GIVEN DATA -
-- Opening Marker --

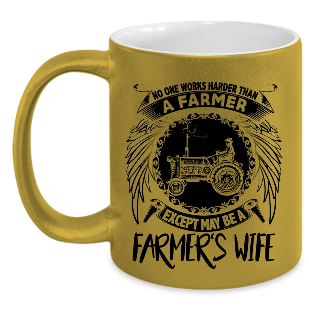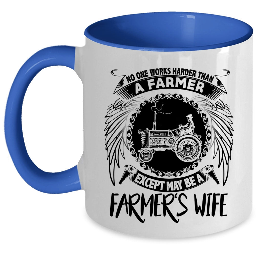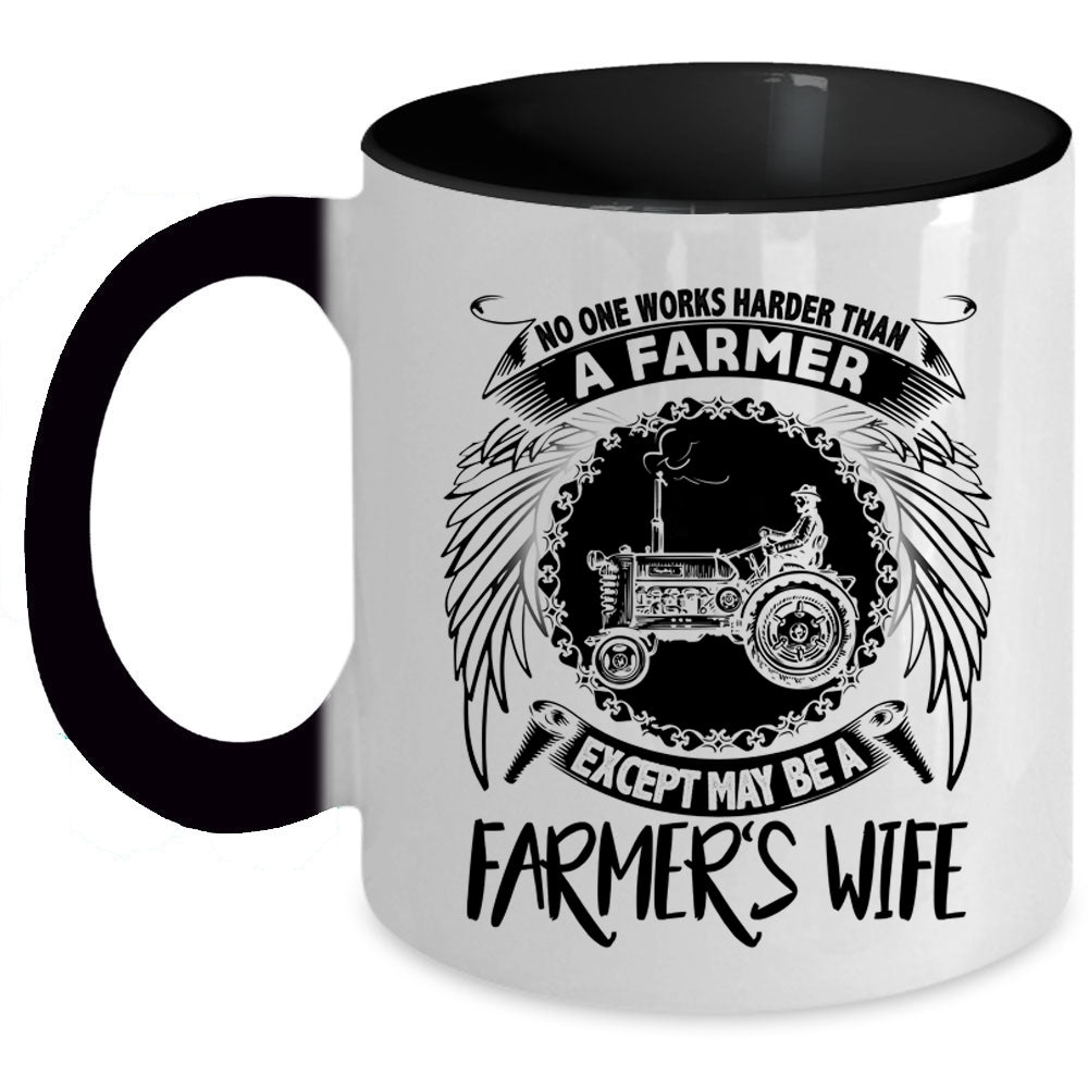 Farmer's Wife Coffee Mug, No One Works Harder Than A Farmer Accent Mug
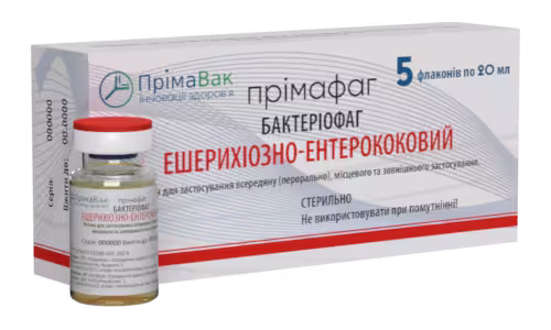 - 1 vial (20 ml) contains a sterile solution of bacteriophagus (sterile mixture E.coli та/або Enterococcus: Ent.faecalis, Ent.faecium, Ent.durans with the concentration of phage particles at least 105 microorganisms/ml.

-- Closing Marker --
-- Opening Marker --

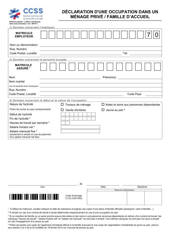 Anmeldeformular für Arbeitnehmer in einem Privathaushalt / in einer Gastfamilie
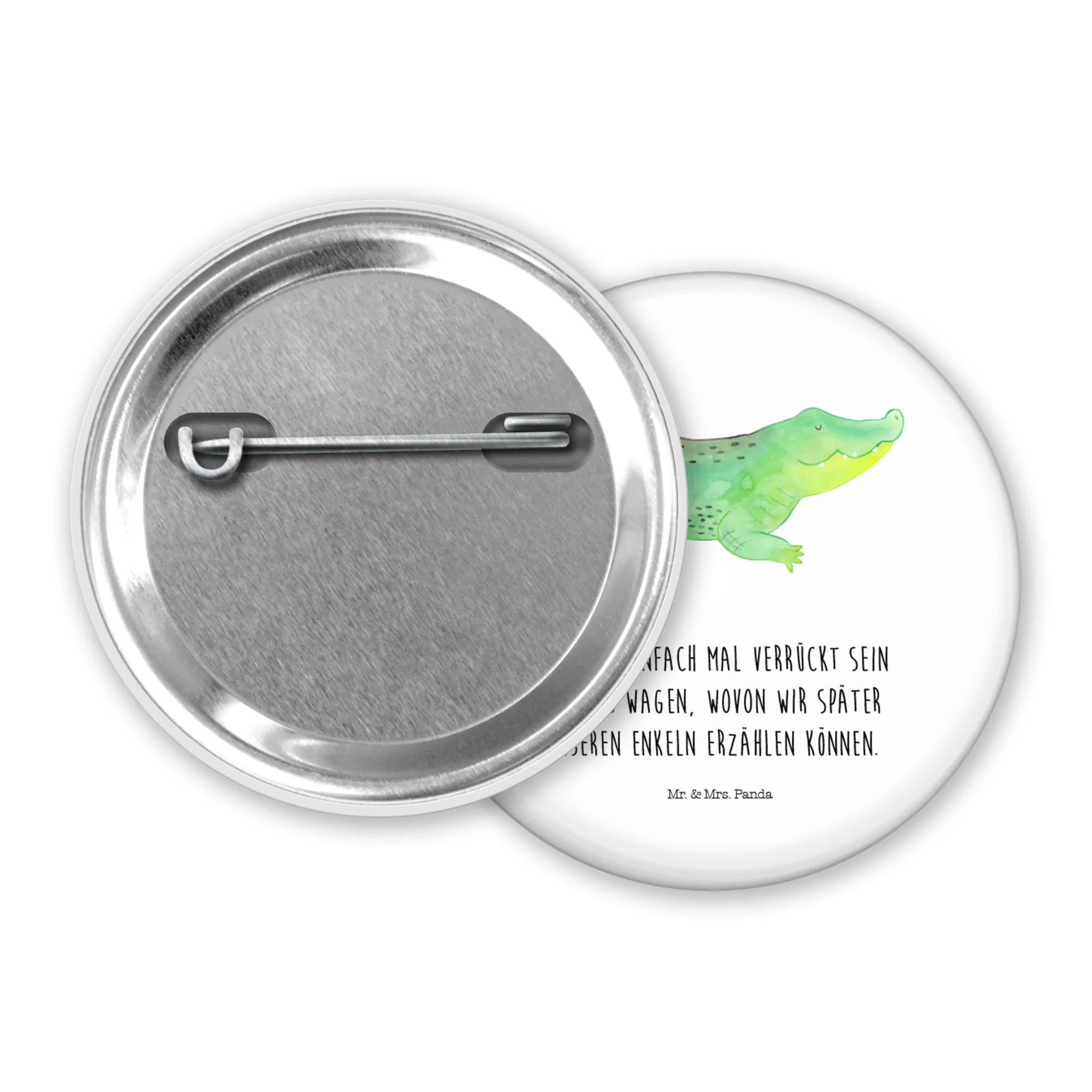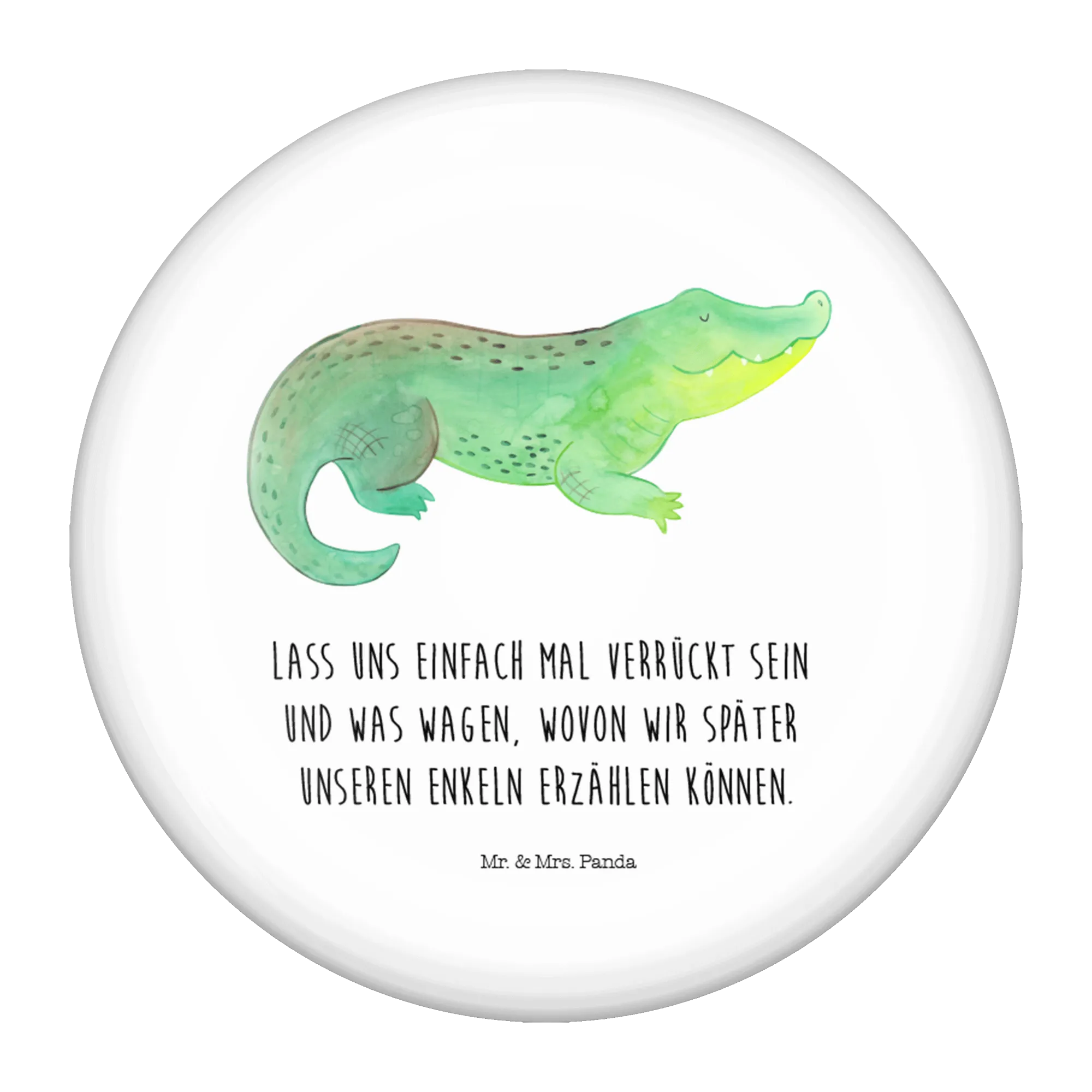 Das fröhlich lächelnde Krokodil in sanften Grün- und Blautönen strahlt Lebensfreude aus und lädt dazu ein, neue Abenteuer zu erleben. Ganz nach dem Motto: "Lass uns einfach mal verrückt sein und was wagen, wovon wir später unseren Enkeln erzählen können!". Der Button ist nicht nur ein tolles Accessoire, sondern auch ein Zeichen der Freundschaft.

-- Closing Marker --

EXERCISE - Find the line with "Farmer's Wife Coffee" in the data above, and from there retype each line exactly through the line with "- 1 vial (20", skipping the pictures along the way.

RESPONSE FOR THIS EXERCISE -
 Farmer's Wife Coffee Mug, No One Works Harder Than A Farmer Accent Mug
 - 1 vial (20 ml) contains a sterile solution of bacteriophagus (sterile mixture E.coli та/або Enterococcus: Ent.faecalis, Ent.faecium, Ent.durans with the concentration of phage particles at least 105 microorganisms/ml.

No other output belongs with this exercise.